**Required action**.
Your output must be the lines below from the line containing "黄砂のため山は霞んでいます。(右の山は五竜岳です。)" to the line containing "此役主場對陣熱刺,首發(fā", both lines included, reproduced exactly and without pictures.

----------

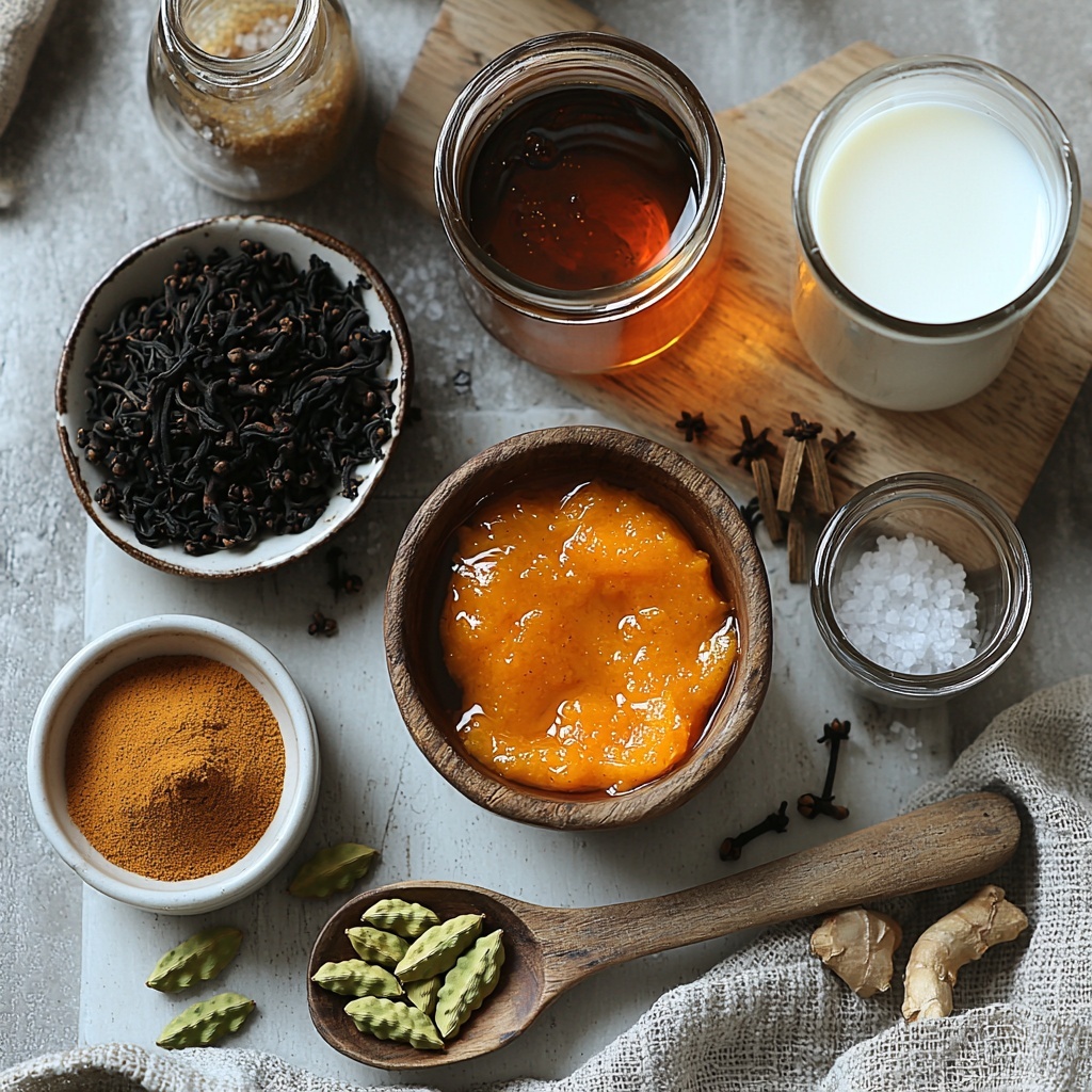 To make this Iced Pumpkin Spice Chai Latte Recipe shine, you only need a handful of simple yet essential ingredients. Each one plays a crucial role, from building the spicy chai base to enhancing the creamy, sweet pumpkin notes for that perfect chilled treat.
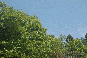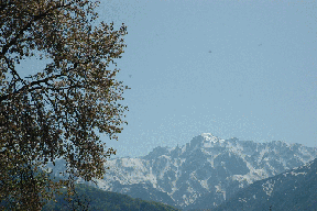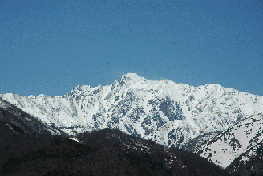 黄砂のため山は霞んでいます。(右の山は五竜岳です。)
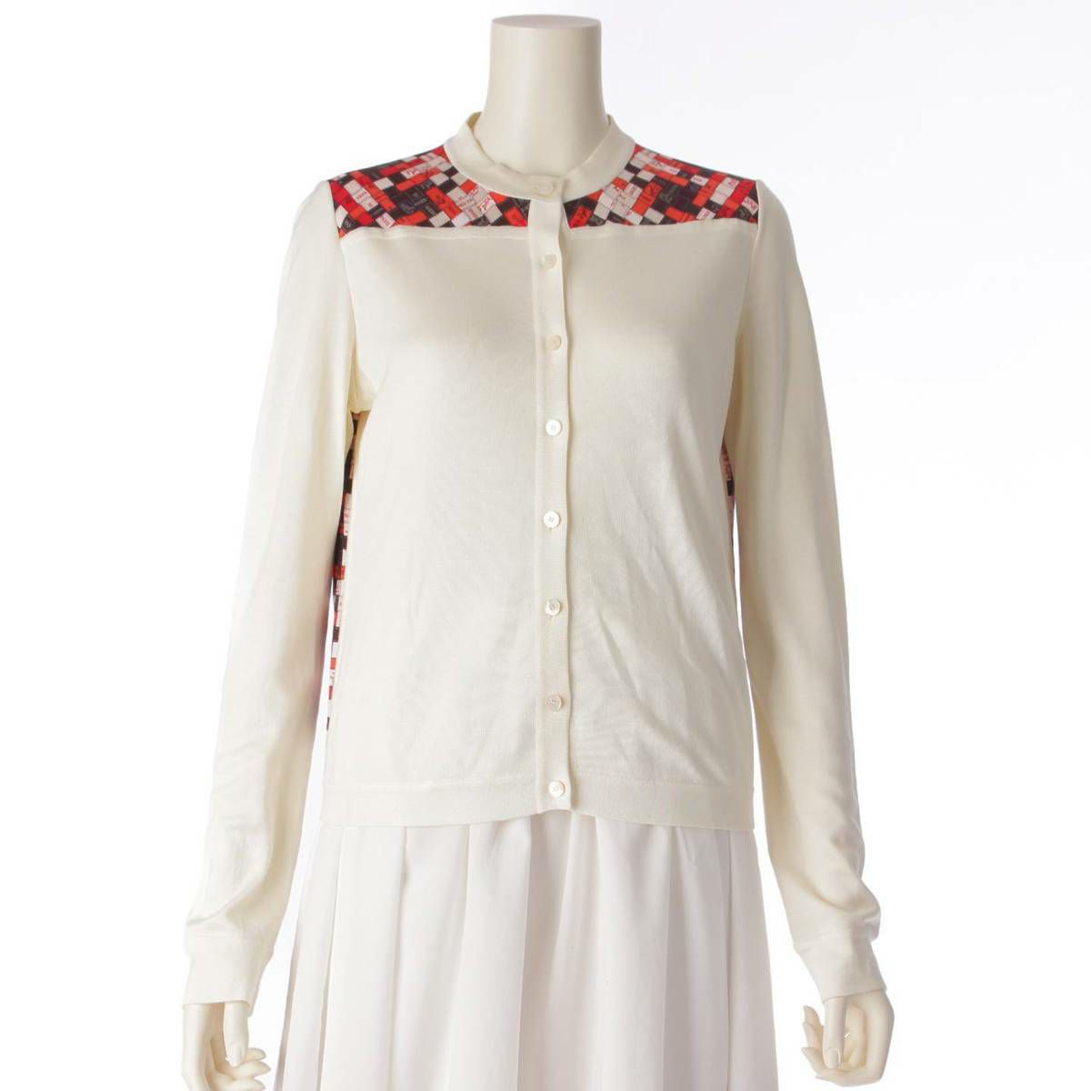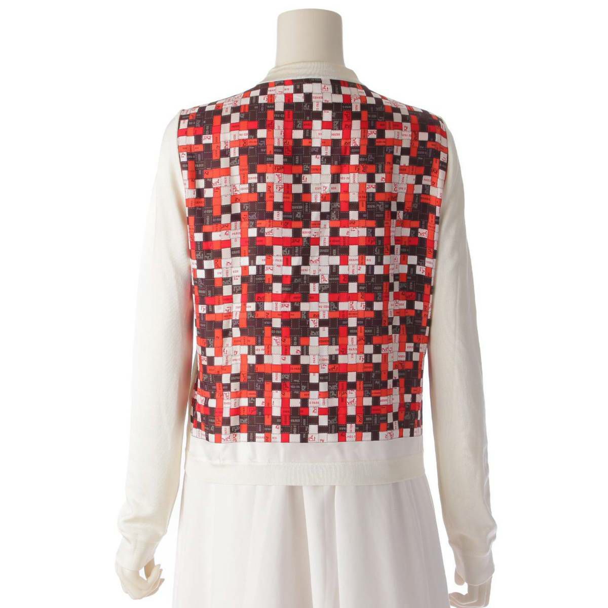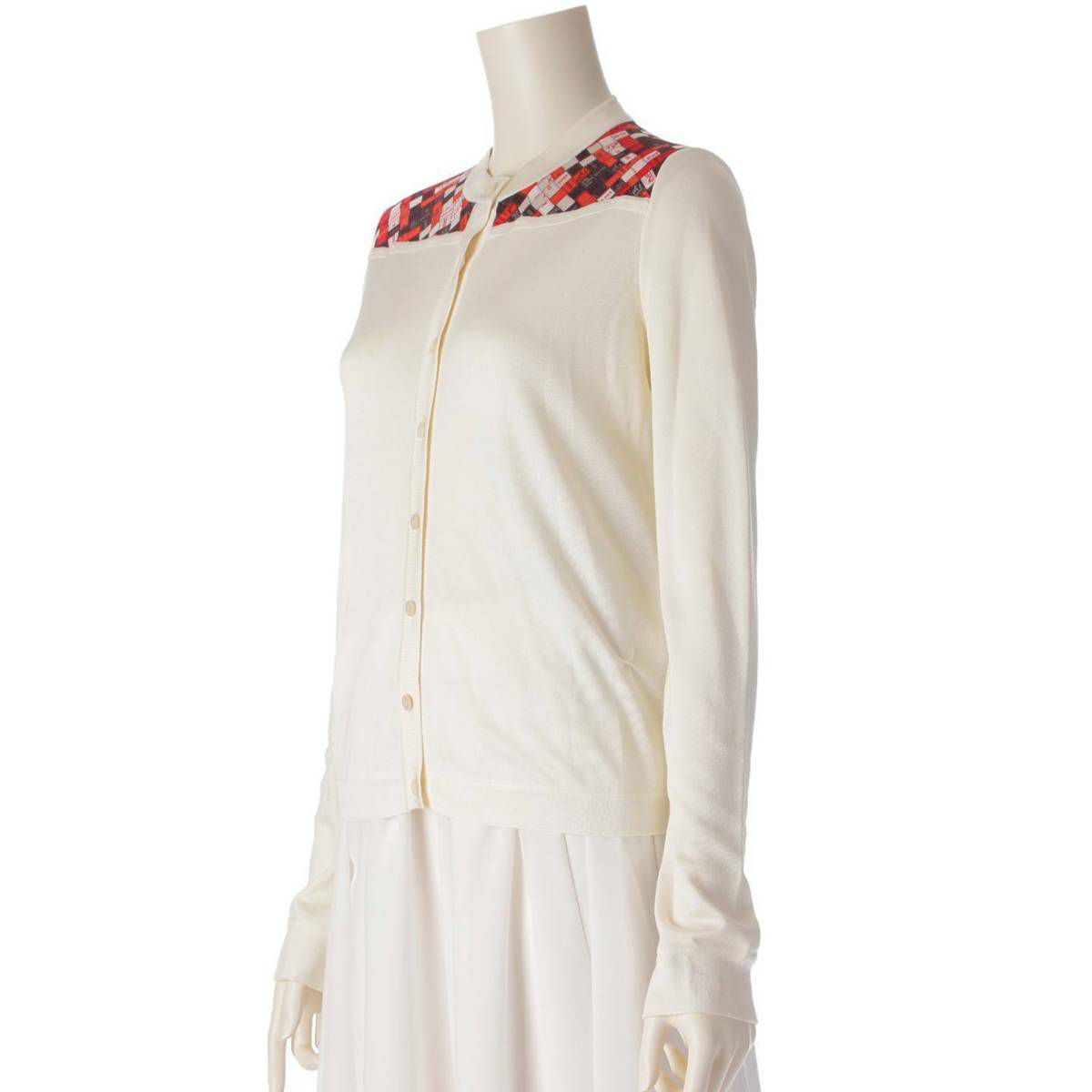 エルメス Hermes 19AW ボルデュック柄 ツイルレーヌ シルク カーディガン ホワイト×レッド 34
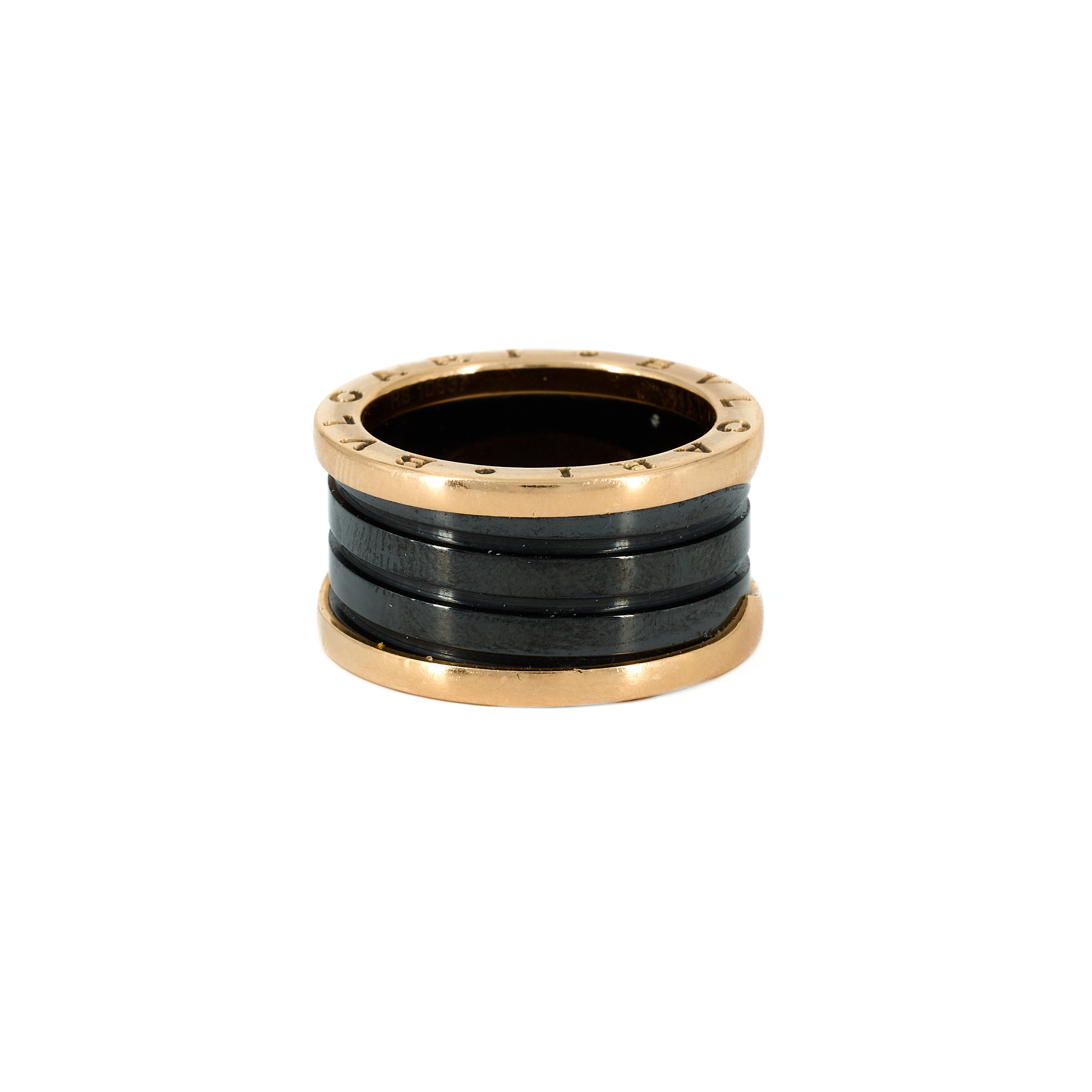 Material: 750/- Roségold, Punze, schwarze, glänzende Keramik.
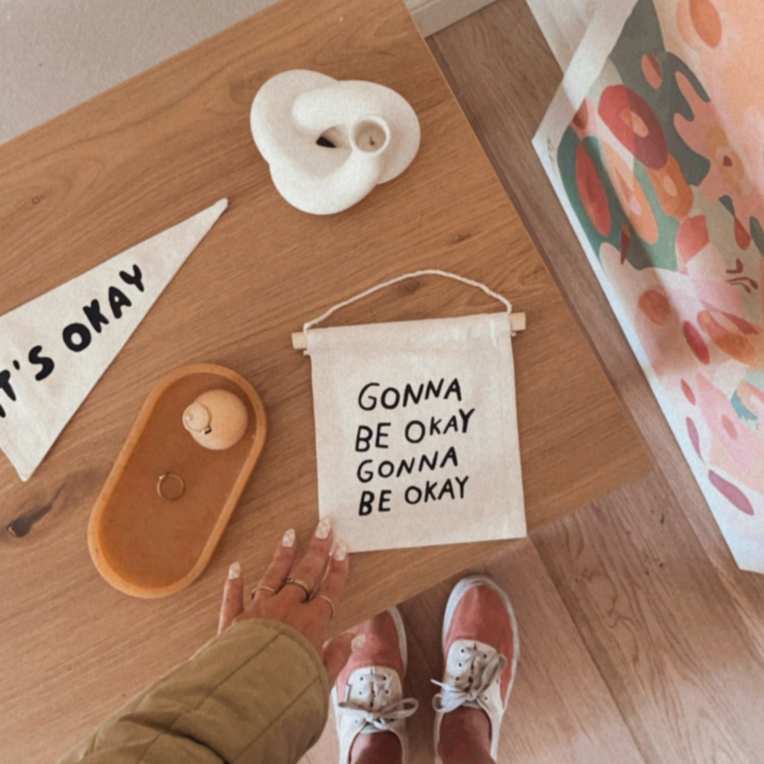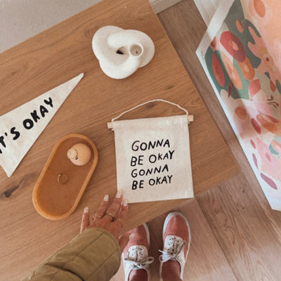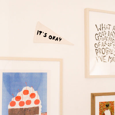 "it's okay" pennant made in collaboration with artist Kristen Peers
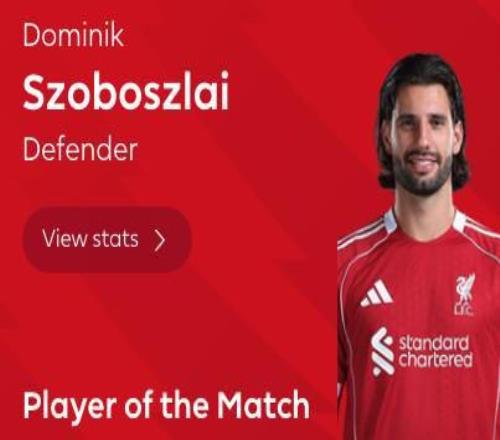 此役主場對陣熱刺,首發(fā)出戰(zhàn)的索博斯洛伊在比賽第18分鐘主罰任意球破門,幫助利物浦取得1-0領(lǐng)先,最終球隊1-1戰(zhàn)平對手。
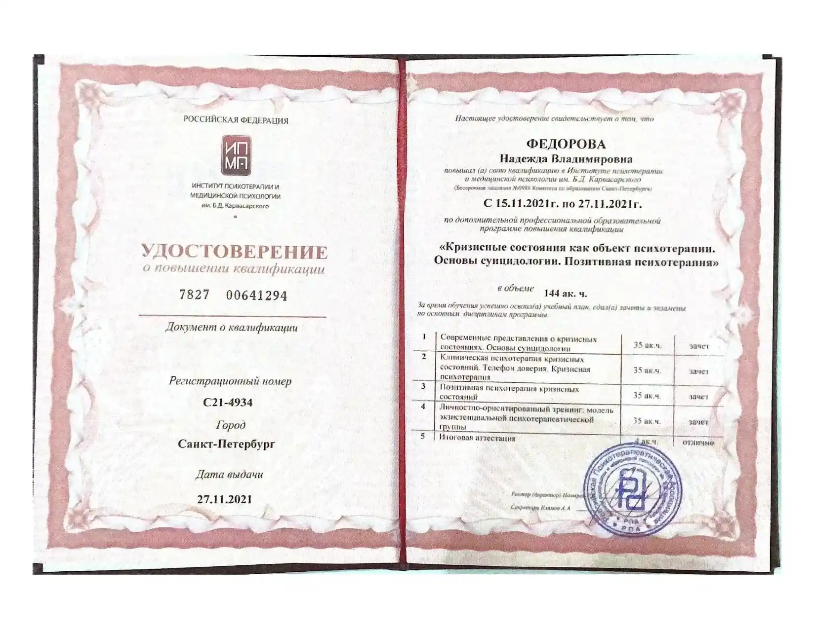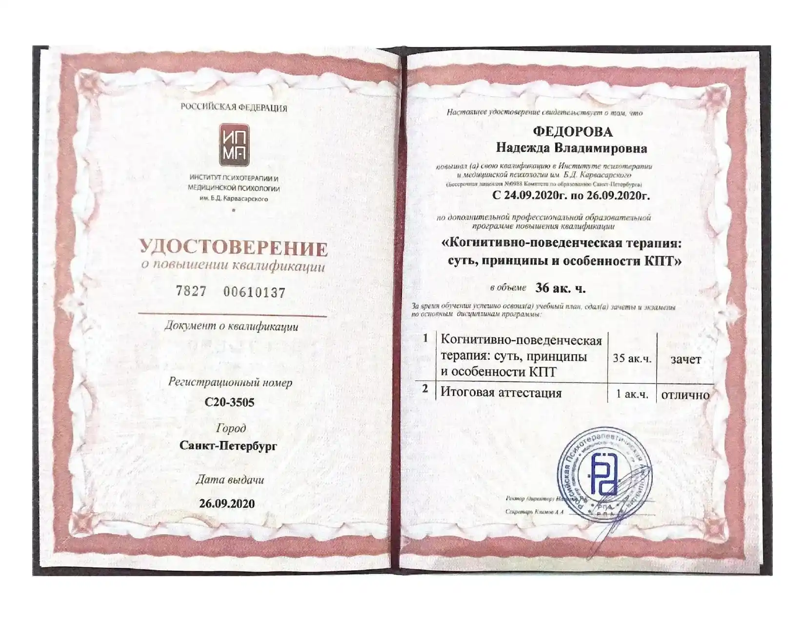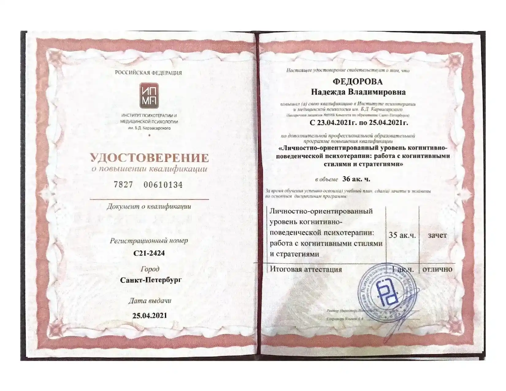 - В 2014 году получила диплом по Личностно-ориентированному уровню когнитивно-поведенческой психотерапии. Работа с когнитивными стилями и стратегиями.
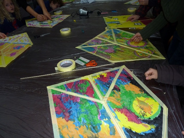 Wenn das Papier getrocknet ist, wird ein Gerüst aus Bambus auf die Rückseite geklebt. Anschließend wird Kreppapier, Waageschnüre und Flugleinen befestigt. Zum Abschluß zeigt der Flugtest, ob die Drachen-Häuser die Wolken kratzen.
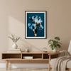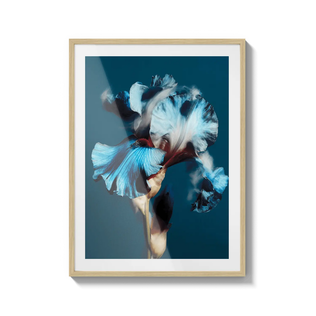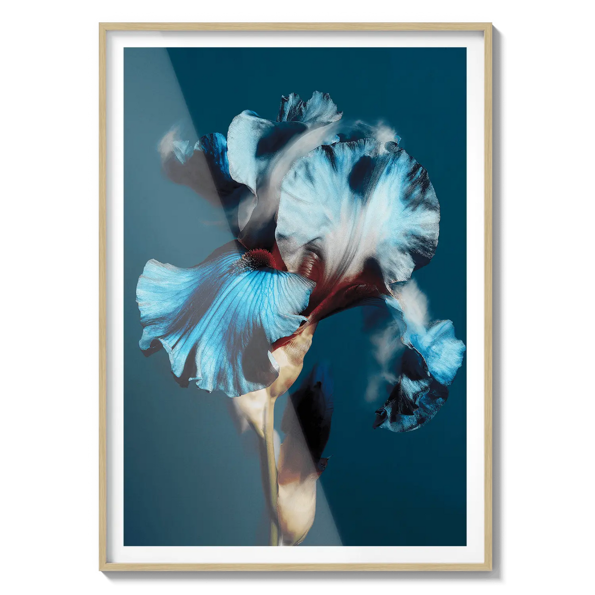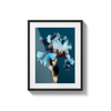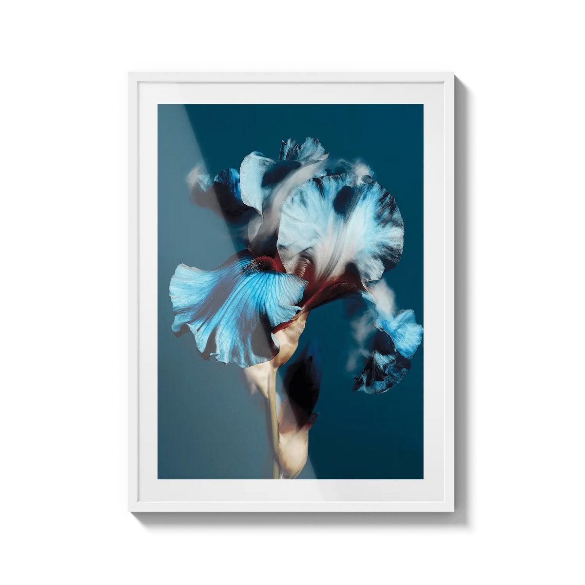 A swirling blue floral-inspired figure filled with movement and freshness. A vibrant and uplifting gesture.
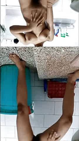 "fun Indian Desi girl in bathroom "
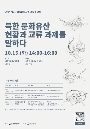 문체부는 남북 문화교류 협력 기반을 마련하고자 남북 문화예술의 차이를 살피고 향후 문화공동체 회복 방향을 모색하는 ‘남북문화교류 교육 및 포럼’을 올해 12월까지 총 4차례 개최한다. 지난 9월, ‘남과 북의 언어를 말하다’를 주제로 제2차 행사를 개최한 데 이어 이번 3차 행사에서는 ‘북한 문화유산 현황과 교류 과제를 말하다’를 주제로 강연과 토론을 진행한다.
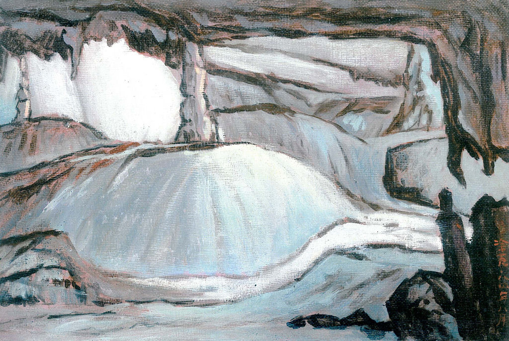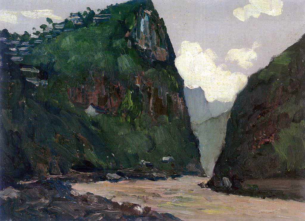 大藤峽位於廣西桂平城區西北處的黔江下游,為境內最長的峽谷。峽谷江水湍急,河道曲折,險峻難行。凃克的〈大藤峽〉猶如站於岸旁瞻望壯麗山川,前景黃土交雜的江水波濤洶湧順勢流過,引導至中景幾近垂直聳立的高大峭壁,再者遠景山影交疊,整體營造出深遠的空間感受。

----------

**Your response**.
 黄砂のため山は霞んでいます。(右の山は五竜岳です。)
 エルメス Hermes 19AW ボルデュック柄 ツイルレーヌ シルク カーディガン ホワイト×レッド 34
 Material: 750/- Roségold, Punze, schwarze, glänzende Keramik.
 "it's okay" pennant made in collaboration with artist Kristen Peers
 此役主場對陣熱刺,首發(fā)出戰(zhàn)的索博斯洛伊在比賽第18分鐘主罰任意球破門,幫助利物浦取得1-0領(lǐng)先,最終球隊1-1戰(zhàn)平對手。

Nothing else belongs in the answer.